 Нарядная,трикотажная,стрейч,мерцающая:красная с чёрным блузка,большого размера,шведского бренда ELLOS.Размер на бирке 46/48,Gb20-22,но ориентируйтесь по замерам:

= = = =

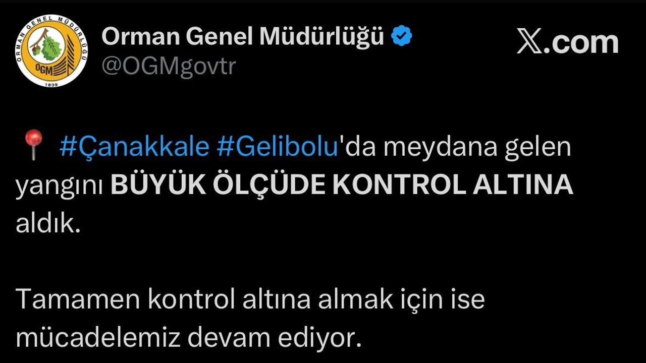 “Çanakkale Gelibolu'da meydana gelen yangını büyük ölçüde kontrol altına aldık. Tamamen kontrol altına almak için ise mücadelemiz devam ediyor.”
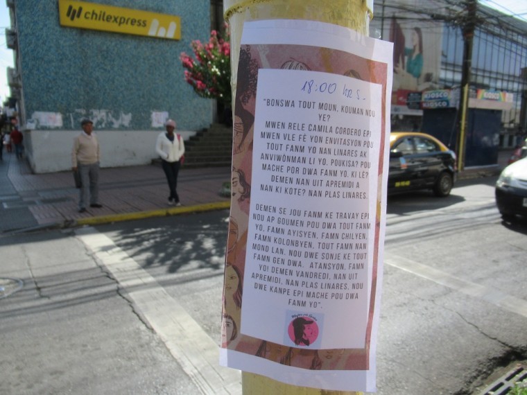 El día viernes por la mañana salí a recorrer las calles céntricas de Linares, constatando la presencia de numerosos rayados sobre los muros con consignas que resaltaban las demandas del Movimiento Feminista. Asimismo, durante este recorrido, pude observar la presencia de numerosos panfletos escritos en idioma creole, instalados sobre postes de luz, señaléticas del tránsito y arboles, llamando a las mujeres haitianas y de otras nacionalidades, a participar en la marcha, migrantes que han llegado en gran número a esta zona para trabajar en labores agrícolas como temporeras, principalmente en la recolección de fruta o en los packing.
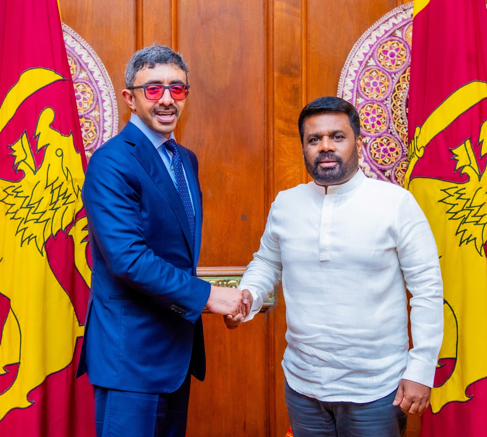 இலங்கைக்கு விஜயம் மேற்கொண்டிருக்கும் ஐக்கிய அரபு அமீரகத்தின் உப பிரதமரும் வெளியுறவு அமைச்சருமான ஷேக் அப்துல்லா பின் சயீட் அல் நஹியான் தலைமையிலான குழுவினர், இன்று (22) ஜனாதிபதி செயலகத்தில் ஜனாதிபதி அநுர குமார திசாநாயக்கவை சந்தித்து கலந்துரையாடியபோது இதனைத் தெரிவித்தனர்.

= = = =

Exercise: Set the pictures aside and transcribe exactly the stretch of lines above, beginning with the one holding "Gelibolu'da meydana gelen" and ending with the one holding "இலங்கைக்கு விஜயம் மேற்கொண்டிருக்கும்".

Written response:
 “Çanakkale Gelibolu'da meydana gelen yangını büyük ölçüde kontrol altına aldık. Tamamen kontrol altına almak için ise mücadelemiz devam ediyor.”
 El día viernes por la mañana salí a recorrer las calles céntricas de Linares, constatando la presencia de numerosos rayados sobre los muros con consignas que resaltaban las demandas del Movimiento Feminista. Asimismo, durante este recorrido, pude observar la presencia de numerosos panfletos escritos en idioma creole, instalados sobre postes de luz, señaléticas del tránsito y arboles, llamando a las mujeres haitianas y de otras nacionalidades, a participar en la marcha, migrantes que han llegado en gran número a esta zona para trabajar en labores agrícolas como temporeras, principalmente en la recolección de fruta o en los packing.
 இலங்கைக்கு விஜயம் மேற்கொண்டிருக்கும் ஐக்கிய அரபு அமீரகத்தின் உப பிரதமரும் வெளியுறவு அமைச்சருமான ஷேக் அப்துல்லா பின் சயீட் அல் நஹியான் தலைமையிலான குழுவினர், இன்று (22) ஜனாதிபதி செயலகத்தில் ஜனாதிபதி அநுர குமார திசாநாயக்கவை சந்தித்து கலந்துரையாடியபோது இதனைத் தெரிவித்தனர்.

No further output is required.